» **Problem to solve**
Leaving out all images, write out the records that follow exactly.

» **Data**

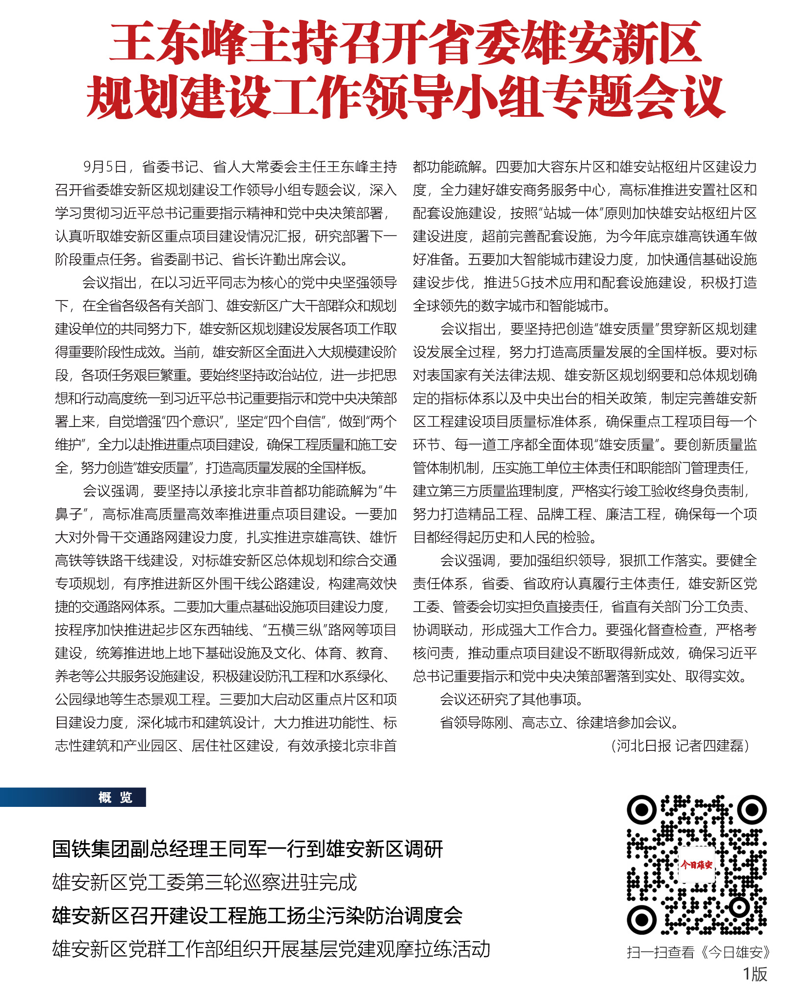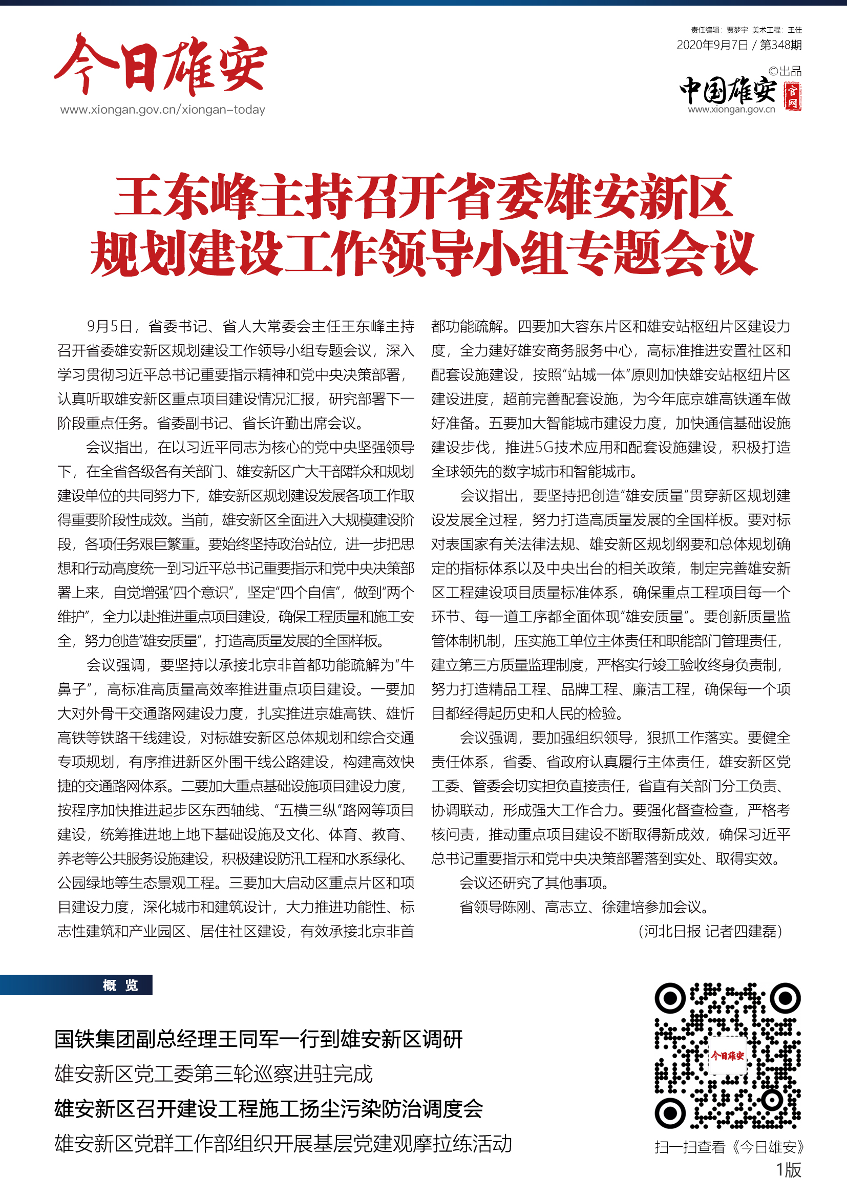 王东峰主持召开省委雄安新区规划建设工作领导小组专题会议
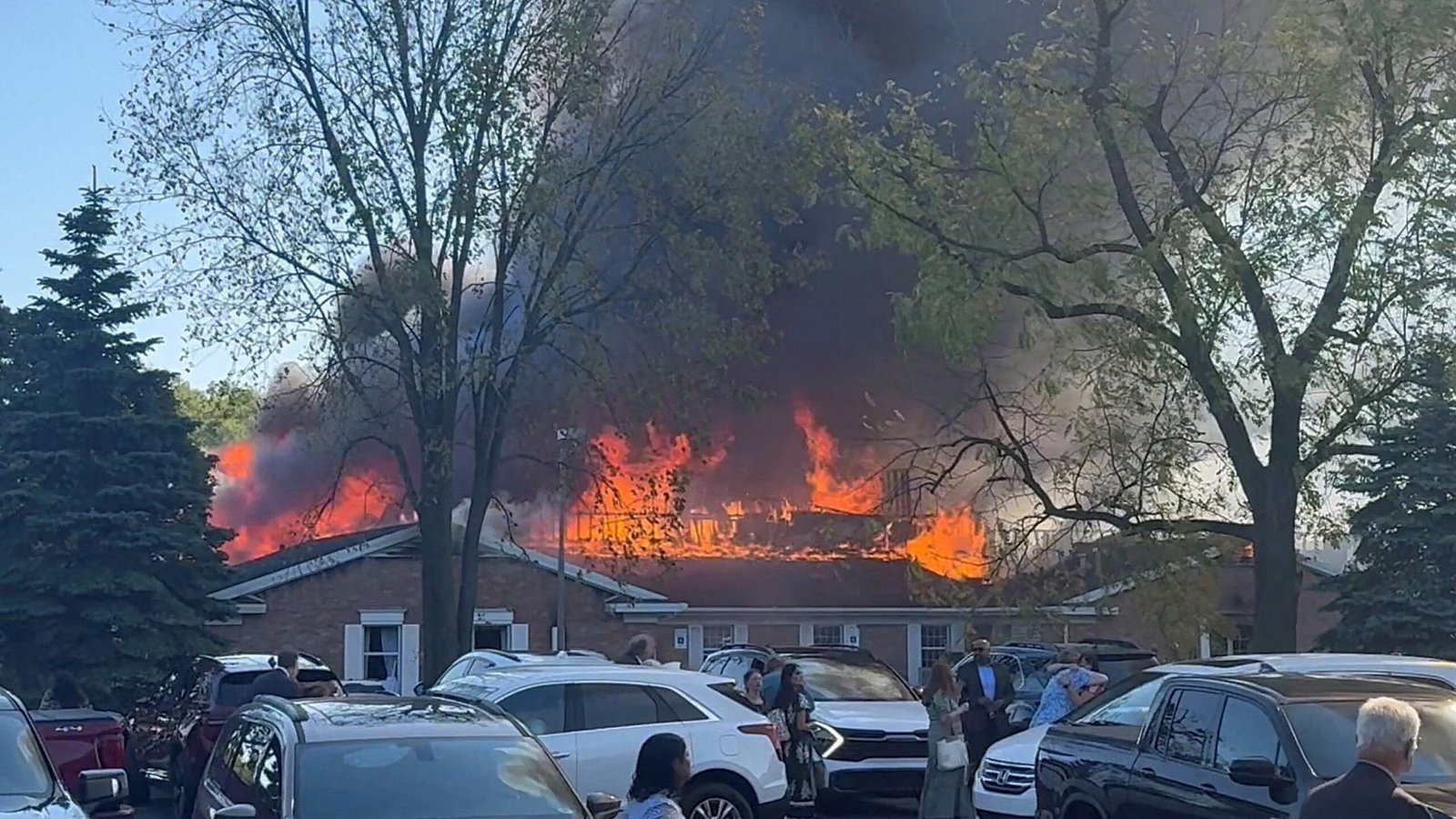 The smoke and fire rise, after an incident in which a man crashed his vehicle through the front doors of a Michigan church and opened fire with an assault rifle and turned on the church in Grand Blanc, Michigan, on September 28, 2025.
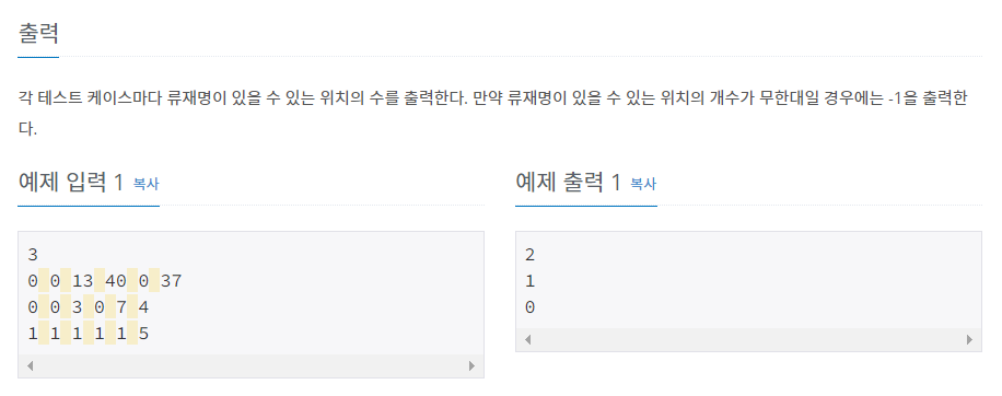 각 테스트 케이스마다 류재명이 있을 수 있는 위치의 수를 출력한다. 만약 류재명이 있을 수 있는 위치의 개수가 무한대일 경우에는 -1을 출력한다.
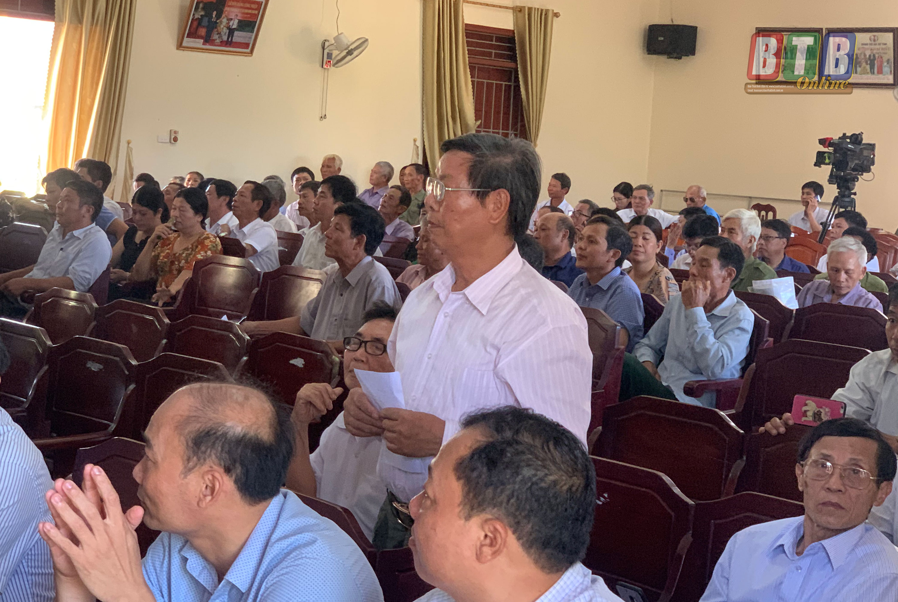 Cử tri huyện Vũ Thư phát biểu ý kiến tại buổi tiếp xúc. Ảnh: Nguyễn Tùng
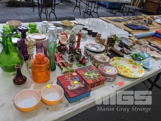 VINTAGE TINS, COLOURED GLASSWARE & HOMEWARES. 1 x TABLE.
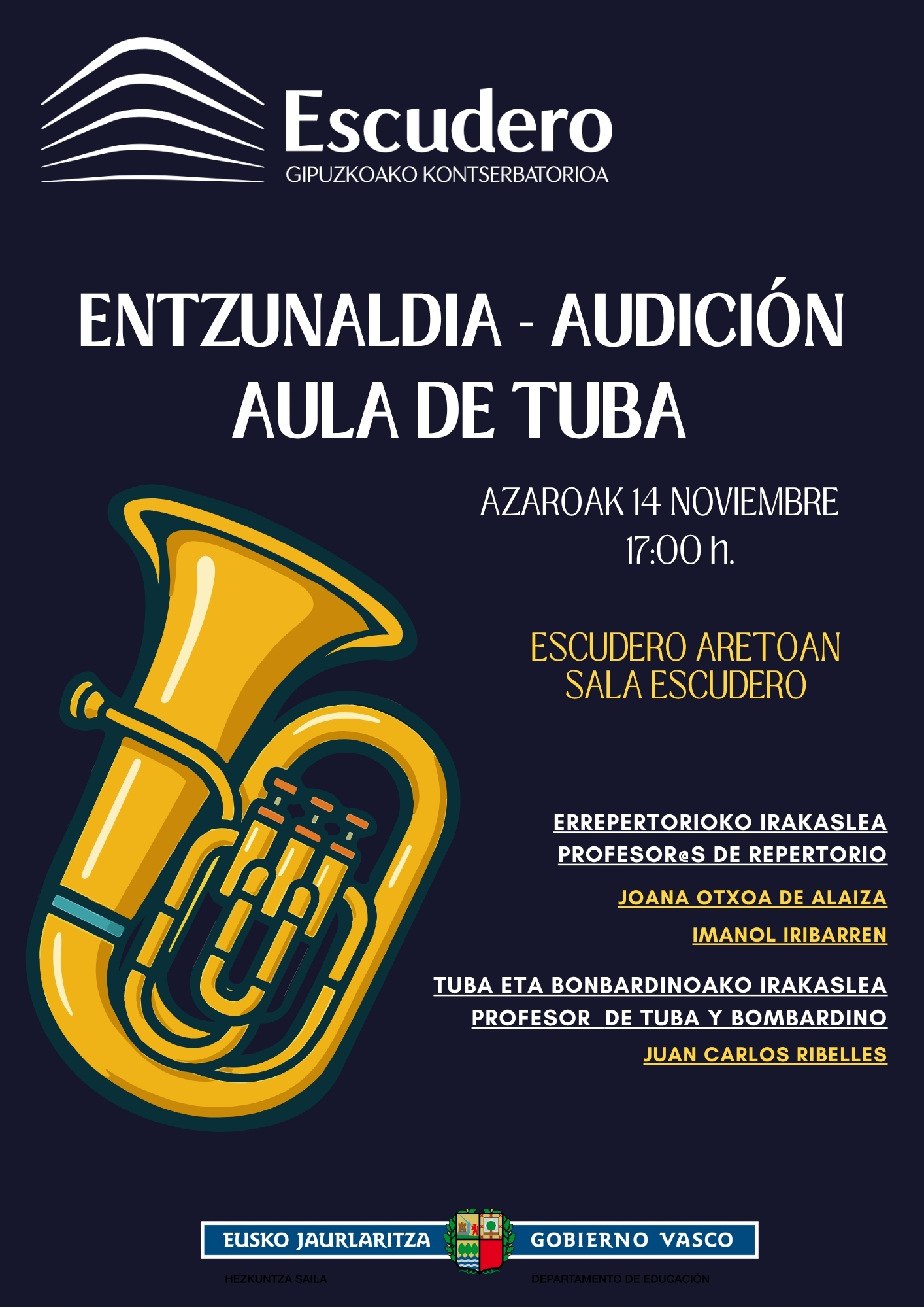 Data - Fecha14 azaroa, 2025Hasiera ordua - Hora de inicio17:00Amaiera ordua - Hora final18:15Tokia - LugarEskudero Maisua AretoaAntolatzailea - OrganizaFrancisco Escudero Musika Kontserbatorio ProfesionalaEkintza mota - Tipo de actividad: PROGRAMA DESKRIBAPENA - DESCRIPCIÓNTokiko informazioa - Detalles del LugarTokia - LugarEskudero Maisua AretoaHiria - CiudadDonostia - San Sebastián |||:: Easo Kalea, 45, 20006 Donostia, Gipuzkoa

» **Your solution**
 王东峰主持召开省委雄安新区规划建设工作领导小组专题会议
 The smoke and fire rise, after an incident in which a man crashed his vehicle through the front doors of a Michigan church and opened fire with an assault rifle and turned on the church in Grand Blanc, Michigan, on September 28, 2025.
 각 테스트 케이스마다 류재명이 있을 수 있는 위치의 수를 출력한다. 만약 류재명이 있을 수 있는 위치의 개수가 무한대일 경우에는 -1을 출력한다.
 Cử tri huyện Vũ Thư phát biểu ý kiến tại buổi tiếp xúc. Ảnh: Nguyễn Tùng
 VINTAGE TINS, COLOURED GLASSWARE & HOMEWARES. 1 x TABLE.
 Data - Fecha14 azaroa, 2025Hasiera ordua - Hora de inicio17:00Amaiera ordua - Hora final18:15Tokia - LugarEskudero Maisua AretoaAntolatzailea - OrganizaFrancisco Escudero Musika Kontserbatorio ProfesionalaEkintza mota - Tipo de actividad: PROGRAMA DESKRIBAPENA - DESCRIPCIÓNTokiko informazioa - Detalles del LugarTokia - LugarEskudero Maisua AretoaHiria - CiudadDonostia - San Sebastián |||:: Easo Kalea, 45, 20006 Donostia, Gipuzkoa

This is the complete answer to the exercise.